··· DATA PROVIDED ···
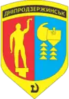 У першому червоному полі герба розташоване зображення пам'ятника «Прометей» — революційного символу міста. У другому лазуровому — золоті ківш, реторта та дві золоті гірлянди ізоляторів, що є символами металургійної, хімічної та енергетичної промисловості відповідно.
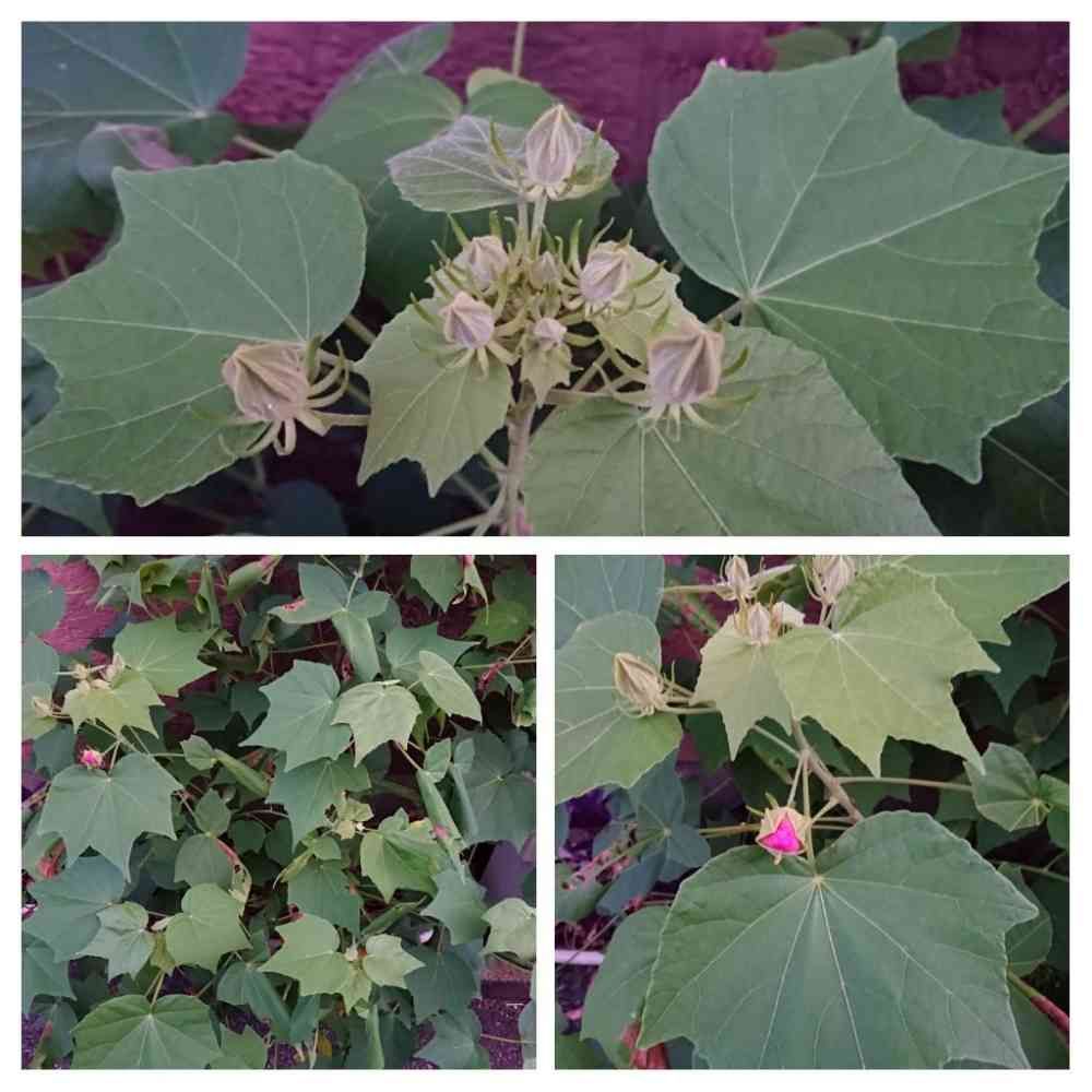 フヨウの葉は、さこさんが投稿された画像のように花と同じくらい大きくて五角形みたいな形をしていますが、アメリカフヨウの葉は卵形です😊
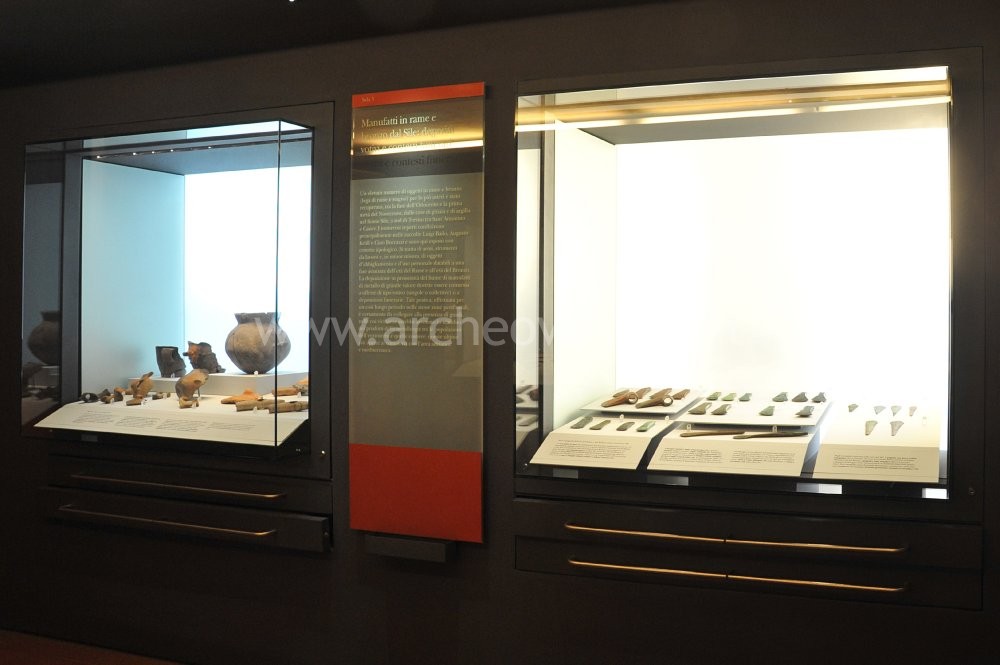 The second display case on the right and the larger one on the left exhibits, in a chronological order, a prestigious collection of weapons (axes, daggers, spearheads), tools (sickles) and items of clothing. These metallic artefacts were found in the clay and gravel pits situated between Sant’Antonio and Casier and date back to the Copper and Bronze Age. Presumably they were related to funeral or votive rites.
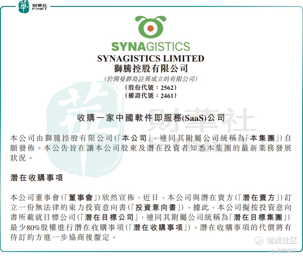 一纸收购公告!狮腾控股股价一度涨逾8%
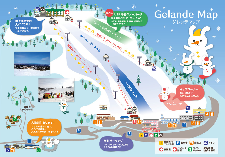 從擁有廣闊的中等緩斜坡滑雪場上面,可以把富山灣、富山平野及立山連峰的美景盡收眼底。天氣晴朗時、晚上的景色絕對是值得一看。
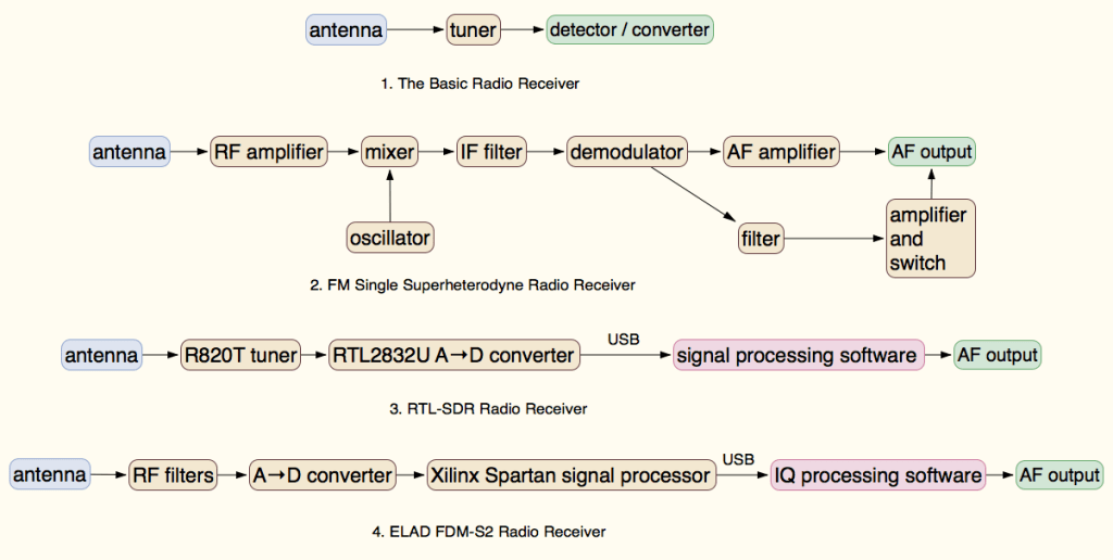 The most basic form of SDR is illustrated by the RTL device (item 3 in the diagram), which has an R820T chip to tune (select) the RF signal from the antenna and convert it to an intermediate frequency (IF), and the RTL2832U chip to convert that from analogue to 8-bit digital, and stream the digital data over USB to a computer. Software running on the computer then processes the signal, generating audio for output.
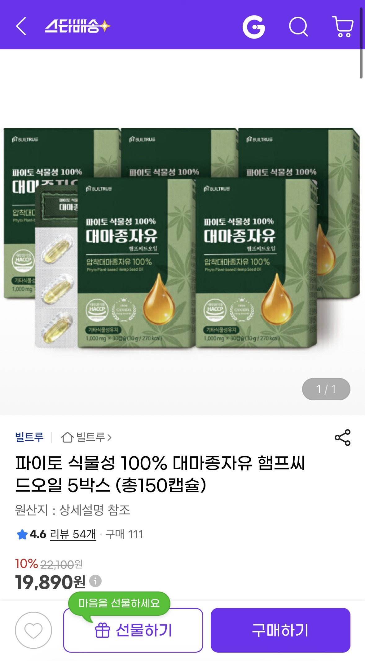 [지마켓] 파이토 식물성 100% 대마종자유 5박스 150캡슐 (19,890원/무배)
···
→ YOUR GOAL: When you reach the line containing "The most basic" in the records above, write out that line and every line after it through the end, exactly, but omit the pictures.

→ EXERCISE RESULT:
 The most basic form of SDR is illustrated by the RTL device (item 3 in the diagram), which has an R820T chip to tune (select) the RF signal from the antenna and convert it to an intermediate frequency (IF), and the RTL2832U chip to convert that from analogue to 8-bit digital, and stream the digital data over USB to a computer. Software running on the computer then processes the signal, generating audio for output.
 [지마켓] 파이토 식물성 100% 대마종자유 5박스 150캡슐 (19,890원/무배)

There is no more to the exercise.